*** Input

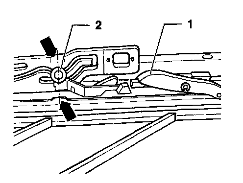 - Slide rear guide pins 2 from front to rear only as far as marks or notches (arrows).
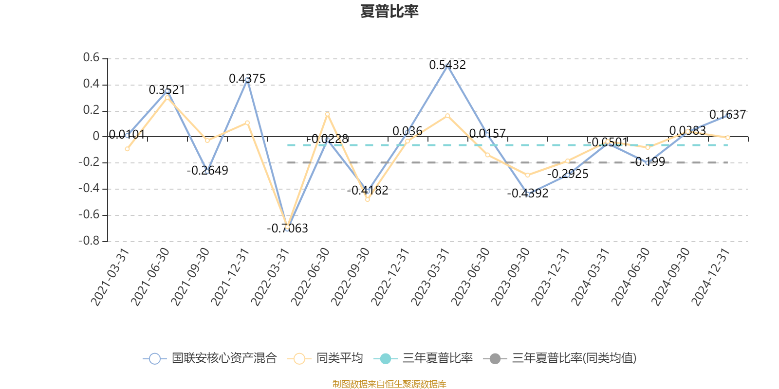 截至12月31日,基金近三年夏普比率为-0.0635,位于同类可比基金134/437。
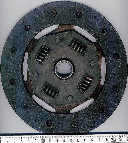 Ведомый диск состоит из диска с пружинными пластинами, к которым приклёпаны или приклеены независимо две фрикционные накладки. Такое крепление обеспечивает их расхождение при выключенном сцеплении, при включении пластины постепенно сжимаются, обеспечивая плавное включение. Центральная часть — ступица — имеет шлицевое соединение и перемещается по первичному валу коробки передач. Ступица соединена с диском подвижно, через демпферные пружины и фрикционные шайбы гасителя крутильных колебаний (видны на снимке), служащие для выравнивания колебаний крутящего момента, возникающих из-за переменных нагрузок и инерции массы при передаче от двигателя к колёсам и обратно. Иногда такие колебания приводят к поломке валов.
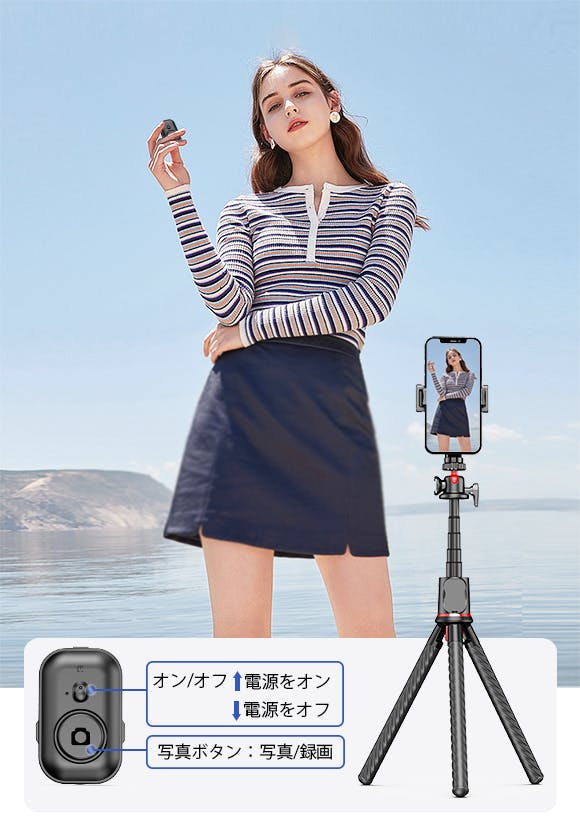 今回の「TOKQI-C03」は、さまざまな地形や場面でカメラやスマホを安定的にサポートするとともに、Bluetoothリモコンや、取り外し可能なスマホホルダーなど実用的な機能も追加し、初心者でも手軽に撮影できます。
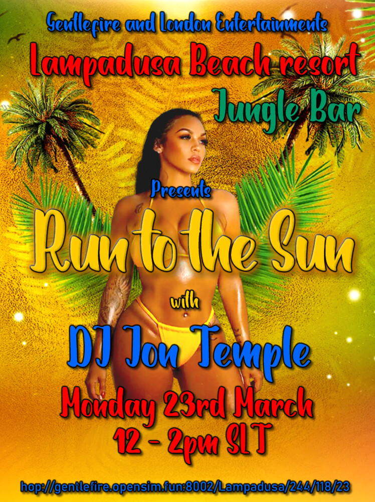 Bit of a change for today as we head over to Lampadusa in Gentlefire. Run to the sun for some fabulous summer tunes in the awesome Tropical Jungle bar in Lampadusa. DJ Jon will be playing the tunes so get ya summer clothes on and joi8n us for this truly summery event. hop://gentlefire.opensim.fun:8002/Lampadusa/240/120/23
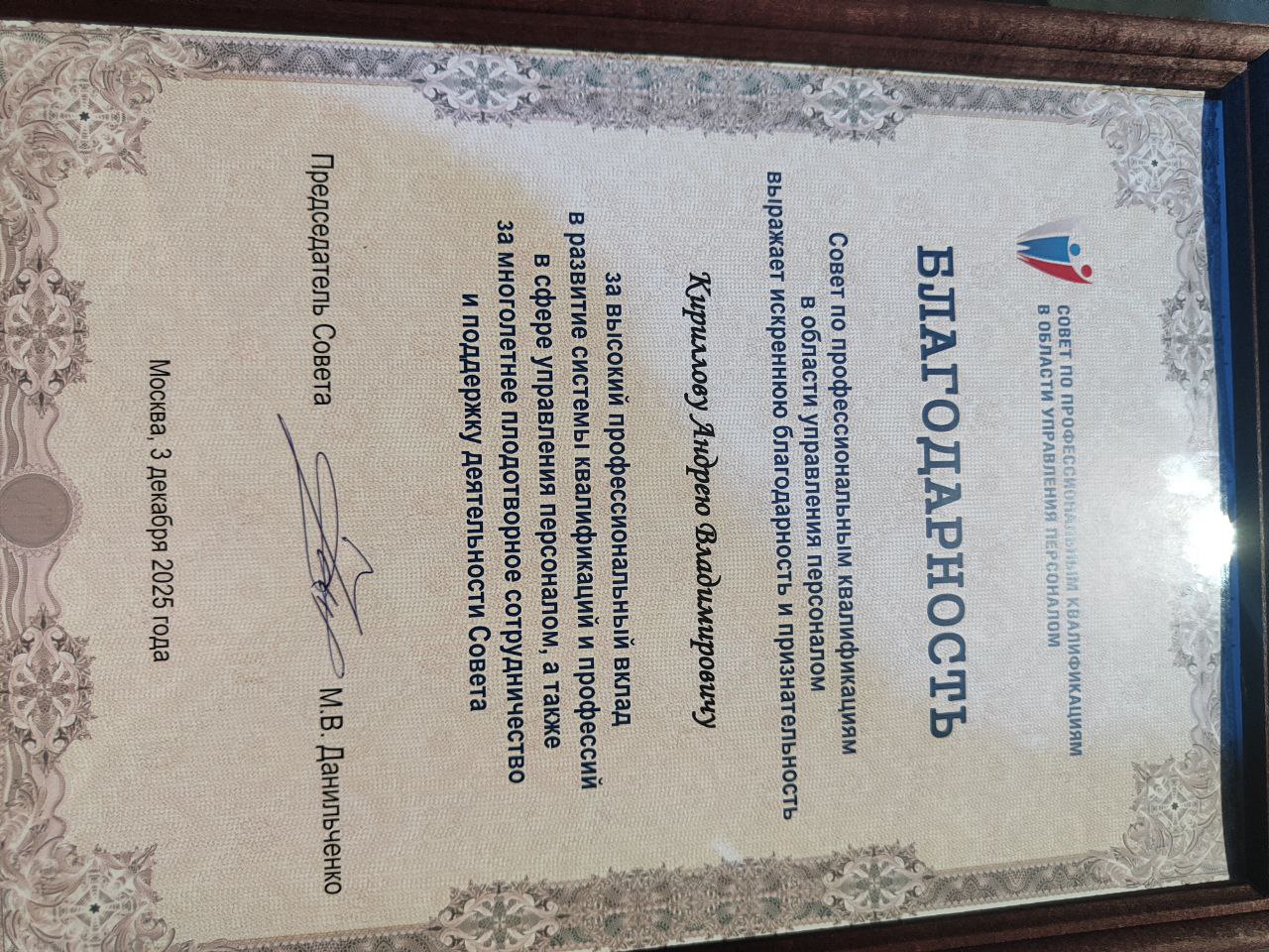 3 декабря 2025 года в рамках Всероссийского кадрового форума на ВДНХ заместитель проректора по дополнительному профессиональному образованию Финансового университета Андрей Владимирович Кириллов был отмечен благодарностью Совета по профессиональным квалификациям в области управления персоналом. Благодарность вручила председатель Совета Марина Владимировна Данильченко за высокий профессиональный вклад в развитие системы квалификаций и профессий в сфере управления персоналом, а также за многолетнее плодотворное сотрудничество и поддержку деятельности Совета.

******

Task directions =>
Using the data above, print only the lines starting at the one with "截至12月31日,基金近三年" and ending at the one with "Bit of a change", exactly as they stand, minus the pictures.

Task solution =>
 截至12月31日,基金近三年夏普比率为-0.0635,位于同类可比基金134/437。
 Ведомый диск состоит из диска с пружинными пластинами, к которым приклёпаны или приклеены независимо две фрикционные накладки. Такое крепление обеспечивает их расхождение при выключенном сцеплении, при включении пластины постепенно сжимаются, обеспечивая плавное включение. Центральная часть — ступица — имеет шлицевое соединение и перемещается по первичному валу коробки передач. Ступица соединена с диском подвижно, через демпферные пружины и фрикционные шайбы гасителя крутильных колебаний (видны на снимке), служащие для выравнивания колебаний крутящего момента, возникающих из-за переменных нагрузок и инерции массы при передаче от двигателя к колёсам и обратно. Иногда такие колебания приводят к поломке валов.
 今回の「TOKQI-C03」は、さまざまな地形や場面でカメラやスマホを安定的にサポートするとともに、Bluetoothリモコンや、取り外し可能なスマホホルダーなど実用的な機能も追加し、初心者でも手軽に撮影できます。
 Bit of a change for today as we head over to Lampadusa in Gentlefire. Run to the sun for some fabulous summer tunes in the awesome Tropical Jungle bar in Lampadusa. DJ Jon will be playing the tunes so get ya summer clothes on and joi8n us for this truly summery event. hop://gentlefire.opensim.fun:8002/Lampadusa/240/120/23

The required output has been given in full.